COLLECTED DATA section start

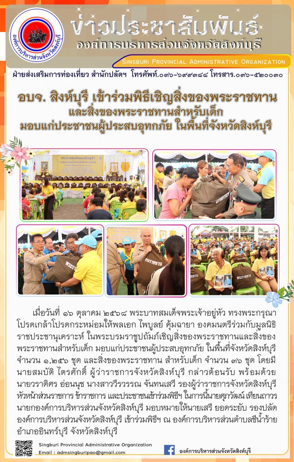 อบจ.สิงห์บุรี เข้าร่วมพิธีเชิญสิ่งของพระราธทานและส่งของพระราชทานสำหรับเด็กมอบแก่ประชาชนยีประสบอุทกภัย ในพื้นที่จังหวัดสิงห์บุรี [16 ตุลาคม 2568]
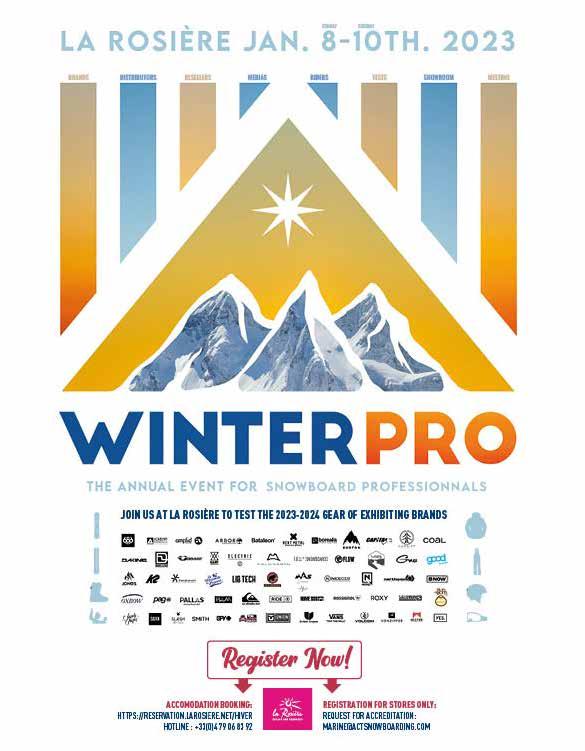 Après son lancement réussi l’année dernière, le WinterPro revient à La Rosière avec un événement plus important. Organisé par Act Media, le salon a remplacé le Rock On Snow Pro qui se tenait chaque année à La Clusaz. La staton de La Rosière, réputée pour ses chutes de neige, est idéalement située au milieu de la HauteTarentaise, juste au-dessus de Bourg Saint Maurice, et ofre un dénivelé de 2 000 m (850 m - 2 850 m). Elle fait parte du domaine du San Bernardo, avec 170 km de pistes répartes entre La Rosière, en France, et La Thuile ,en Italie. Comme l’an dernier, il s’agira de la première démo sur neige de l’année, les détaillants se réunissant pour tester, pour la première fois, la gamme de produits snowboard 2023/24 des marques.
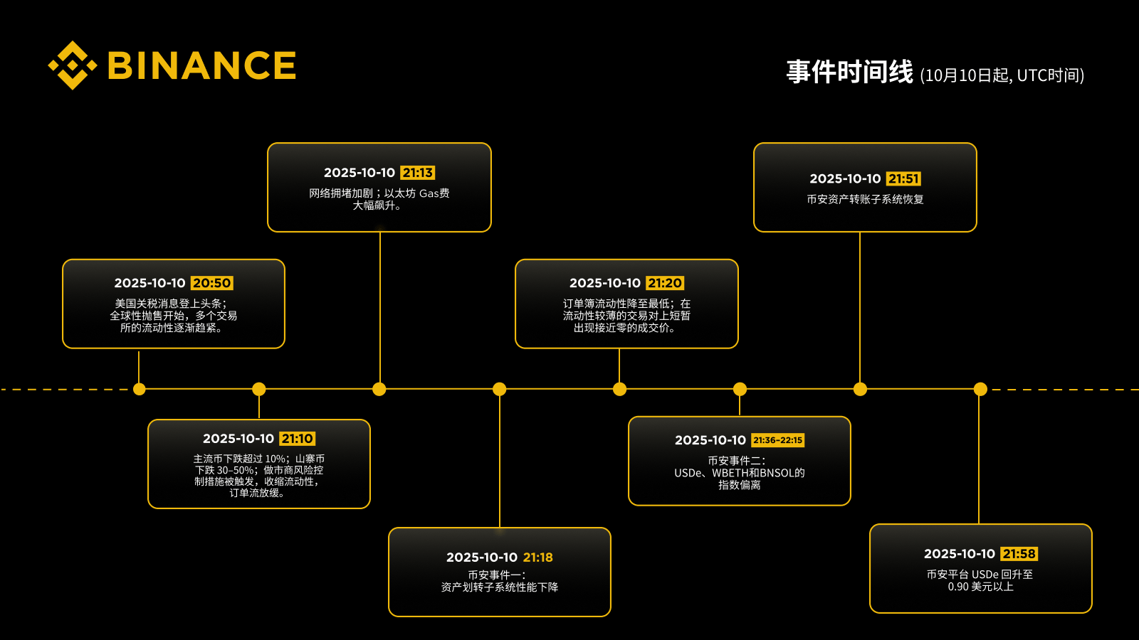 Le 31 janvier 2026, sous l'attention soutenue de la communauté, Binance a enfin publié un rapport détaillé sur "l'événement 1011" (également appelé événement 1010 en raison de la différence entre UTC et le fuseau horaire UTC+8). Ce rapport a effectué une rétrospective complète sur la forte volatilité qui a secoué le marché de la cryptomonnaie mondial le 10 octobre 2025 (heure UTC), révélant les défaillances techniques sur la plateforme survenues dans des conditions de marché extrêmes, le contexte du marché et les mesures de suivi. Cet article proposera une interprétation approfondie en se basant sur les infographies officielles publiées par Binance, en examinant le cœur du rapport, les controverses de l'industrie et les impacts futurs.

COLLECTED DATA section end

TASK DESCRIPTION:
Reproduce the material in its entirety and word for word, without the pictures.

EXPECTED OUTPUT:
 อบจ.สิงห์บุรี เข้าร่วมพิธีเชิญสิ่งของพระราธทานและส่งของพระราชทานสำหรับเด็กมอบแก่ประชาชนยีประสบอุทกภัย ในพื้นที่จังหวัดสิงห์บุรี [16 ตุลาคม 2568]
 Après son lancement réussi l’année dernière, le WinterPro revient à La Rosière avec un événement plus important. Organisé par Act Media, le salon a remplacé le Rock On Snow Pro qui se tenait chaque année à La Clusaz. La staton de La Rosière, réputée pour ses chutes de neige, est idéalement située au milieu de la HauteTarentaise, juste au-dessus de Bourg Saint Maurice, et ofre un dénivelé de 2 000 m (850 m - 2 850 m). Elle fait parte du domaine du San Bernardo, avec 170 km de pistes répartes entre La Rosière, en France, et La Thuile ,en Italie. Comme l’an dernier, il s’agira de la première démo sur neige de l’année, les détaillants se réunissant pour tester, pour la première fois, la gamme de produits snowboard 2023/24 des marques.
 Le 31 janvier 2026, sous l'attention soutenue de la communauté, Binance a enfin publié un rapport détaillé sur "l'événement 1011" (également appelé événement 1010 en raison de la différence entre UTC et le fuseau horaire UTC+8). Ce rapport a effectué une rétrospective complète sur la forte volatilité qui a secoué le marché de la cryptomonnaie mondial le 10 octobre 2025 (heure UTC), révélant les défaillances techniques sur la plateforme survenues dans des conditions de marché extrêmes, le contexte du marché et les mesures de suivi. Cet article proposera une interprétation approfondie en se basant sur les infographies officielles publiées par Binance, en examinant le cœur du rapport, les controverses de l'industrie et les impacts futurs.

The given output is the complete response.